You'd still need to test your class that invokes the mailer. I suggest that you might want to do a little of both. I typically create an IMailClient interface and a wrapper around SmtpClient that implements the interface. Use (and inject) the interface in a proxy class that knows how to construct the message and send it (it might have several factory-type methods that can construct multiple different types of messages). The shim around the SmtpClient really should be just that, thus there's little need for unit testing it. You can mock your shim when testing the proxy class and mock your proxy class when testing your controllers.

tvanfosson
I agree, and it will probably come in handy as soon as you need that IMailClientAsync t that you can swap in.
Hal
+1  A: 

You are on the right track, that's the approach you should be using. Probably the examples you are referring to, is people going at it the hard/wrong way ... or are examples on how you can deal with a large legacy code base.

Injecting the mechanism to deliver the message is flexible, and its easily reuse in other scenarios. One such scenario is diagnostics, if you have a dev server you probably don't want it to be hitting mails all the time, by switching the injected class you can have it output to a file or just simple Debug.Write.

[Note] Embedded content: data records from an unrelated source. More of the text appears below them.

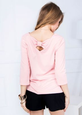Stylowa gładka bluzka damska w minimalistycznym stylu. Wykonana przyjemnego materiału. Okrągły dekolt z przodu i rękawki o długości 3/4. Z tyłu dekolt w kształcie litery V z ozdobną kokardą. W okolicy pach zaszywki. Do wyboru klasyczne kolory. Produkt polski.Praktyczna i elegancka bluzka do wielu stylowych i casualowych zestawień i na wiele okazji. Idealna propozycja na co dzień i na specjalne okazje, by stworzyć modne stylizacje, które będą nie tylko kobiece, ale i odznaczające się elegancją i dobrym gustem. Klasyczne kolory i gładka struktura materiału pozwolą na dobór dodatków do wybranego stylu. Ładnie komponuje się ze spódnicą czy eleganckimi spodniami, pod żakiet czy skórzana kurtkę. Bardzo wygodny i praktyczny model na każdy sezon.Materiał 95% bawełna, 5% lycraModelka wzrost 170cm, na co dzień nosi rozmiar S
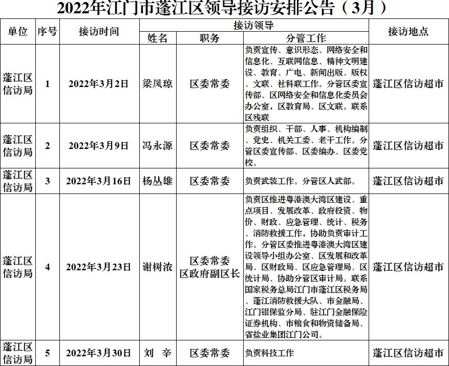2022年江門市蓬江區(qū)領(lǐng)導(dǎo)接訪安排公告(3月)
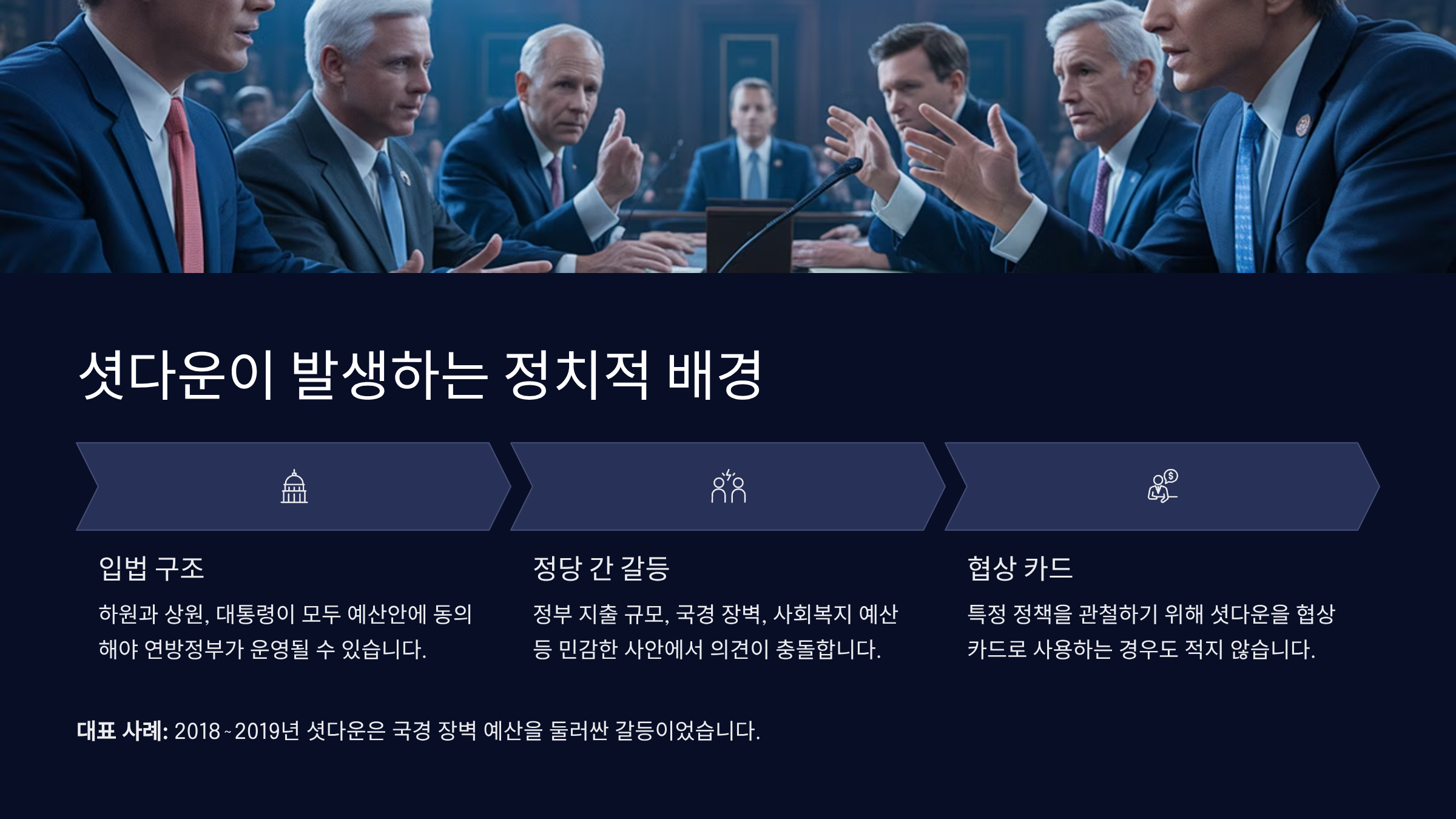 미국처럼 예산안 갈등이 반복된다면, 신뢰받는 행정 운영은 점점 멀어질 수밖에 없습니다.
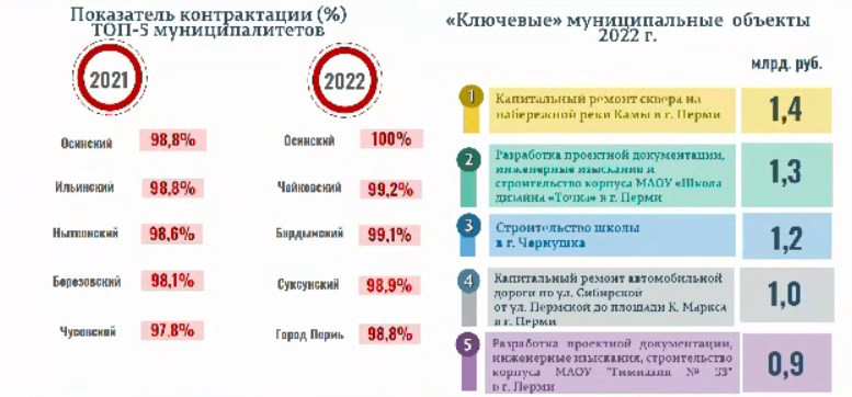 В 2022 году объём государственных закупок Пермского края составил 76,6 млрд руб. Это на 29,6% больше, чем в 2021 году. Объём муниципальных закупок оказался на уровне 55,2 млрд руб., что на 2,8% выше, чем годом раньше. Об этом рассказал министр по регулированию контрактной системы в сфере закупок Пермского края Алексей Зарубин на Совете глав муниципалитетов.

ps. you're still recommended to test your SmptDeliver class, but that'd be a focused integration test that you can do on that class independently of the rest of the code.

eglasius
+1  A: 

I think your on the right track. Don't worry about smtp servers or anything else. Just unit test what you need. Let the tests tell you what you need. When you get to the testing of the actual Send(emailAddress, message), then you can worry about how you will actually send the message to the admin.